Auf welches Ihrer Projekte sind Sie besonders stolz?

2016 wurde unsere Junior-Produktlinie „Starthomes“, und hier im Besonderen „Starthomes in Bremen-Arsten“ mit dem Fiabci Prix d‘ Excellence Sonderpreis 2016 für bezahlbares Wohnen ausgezeichnet. „Starthomes“ ist ein Leuchtturm in unserer Arbeit. Interdisziplinär entwickelt, bauen wir unter diesem Namen hochgradig standardisierte Reihenhäuser zu finanzierbaren Preisen. Und das äußerst erfolgreich. Wir begannen 2013 in Bremen, sind nun auch in Berlin und werden „Starthomes“ ebenso in anderen Ballungsräumen, in denen bezahlbarer Wohnraum knapp ist, positionieren. Mit „Starthomes“ haben wir gezeigt, dass preisgünstig nicht mit minderwertig gleichzusetzen ist, sondern ganz im Gegenteil besonders wertvoll für die Stadtentwicklung und die Menschen ist, die ein eigenes Haus kaufen möchten. Darauf bin ich stolz, weil hier eine Idee von vielen Fachleuten mit Nachdruck realisiert wurde.
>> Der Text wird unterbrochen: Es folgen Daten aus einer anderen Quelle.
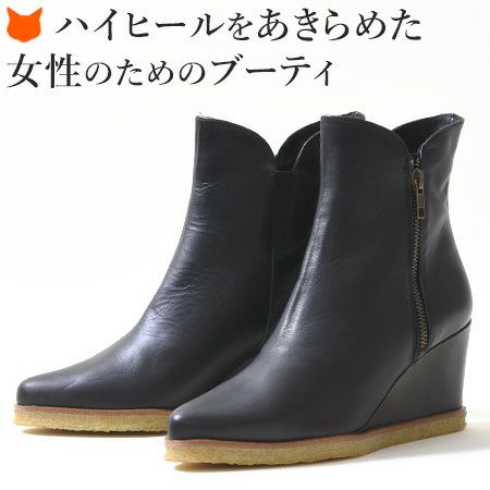 ヒールの高い靴は足も長く見えるし、エレガンス。だけど長く歩くと疲れやすいし、靴擦れも多い。そんな経験をして結局ローヒールやペタンコの靴に戻ってしまう女性にぜひ履いてほしいのが、このウェッジヒールブーティ。

Vor welchen aktuellen Herausforderungen steht Ihr Unternehmen?

Wir sehen derzeit zwei Herausforderungen. Zum einen haben wir es mit einer stetigen und sich dramatisch zuspitzenden Knappheit an Baugrundstücken zu tun. Zum anderen müssen wir uns damit auseinandersetzen, dass die Normen für den Neubau immer weiter verschärft werden, die Grundstücks- und Baupreise steigen, gleichwohl aber der Markt und die Bevölkerung bezahlbares Wohneigentum benötigt. Die Entwicklung von Baugrundstücken gelingt uns kaum noch allein, immer häufiger müssen Projektgesellschaften gegründet werden. Hat man diese Hürde genommen, muss man sehr viel Zeit aufwenden, bis die endgültige Baureife durch die Ämter bestätigt wird und kann dann erst mit dem Vertrieb und Bau beginnen. Das kostet uns sehr viel Zeit und hemmt den Neubau in Deutschland nicht unerheblich. Hier sehen wir dann die klassische Verbandsarbeit, womit sich der Kreis zu Ihrer ersten Frage schließt.